If BDSM Makes You Anxious, Dance To The Music

I was listening to an interview on the radio this morning with two orchestra conductors. Answering a question about whether they felt anxious before going on stage, both admitted that they did and described it as being like a “cocktail party in the head”. At this cocktail party, everyone is out to judge you. You haven’t prepared enough, there have been better versions before you, you’re just not very good. The audience is sitting out there, waiting to find fault with you. In your head, it probably looks something like this comic strip.

What was interesting was that both of them said that as soon as they stepped on to the podium or into the pit, that anxiety always disappeared. They didn’t think it was because the audience clapped and they felt a wave of love. They described it as a shift of focus. The “cocktail party in the head” was self-focused. It’s “me, me, me” thoughts. But when they got to the podium their focus shifted from themselves outwards. To the orchestra, the piece of music, the job at hand.
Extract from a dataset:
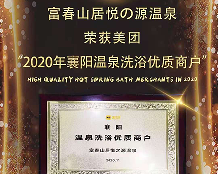 富春山居悦之源温泉荣获美团“2020襄阳温泉优质商户”殊荣!

Everyone feels anxiety at some time I think. Some feel it more than others, but it would surprise me if someone never felt it at all.

Yes, dirty secret, even Doms can get anxious. What if someone’s done it to you better than I can do it to you? What if I make a mistake? Have those months in the gym paid off?

So, anxiety is not just a sub emotion, it’s a human emotion.

BDSM necessitates us changing our focal point. Being a Dom, or a sub, or a Top/bottom, is not an inward-focusing role, it’s about reading the other person. In a way, we’re like the conductor and the orchestra, focused on each other to get the music right.

There might be anxiety in those moments before “the music starts”. Meeting up with a new partner, preparing for play, waiting for things to happen. But, if that’s mostly to do with worrying about what will happen or how we will be perceived, I think BDSM makes it difficult to remain anxious.

At some point we’ve got to stop worrying about ourselves and start focusing on the music. I think at that point, for most of us, the anxiety disappears and we stop worrying about whether anyone is watching us dance.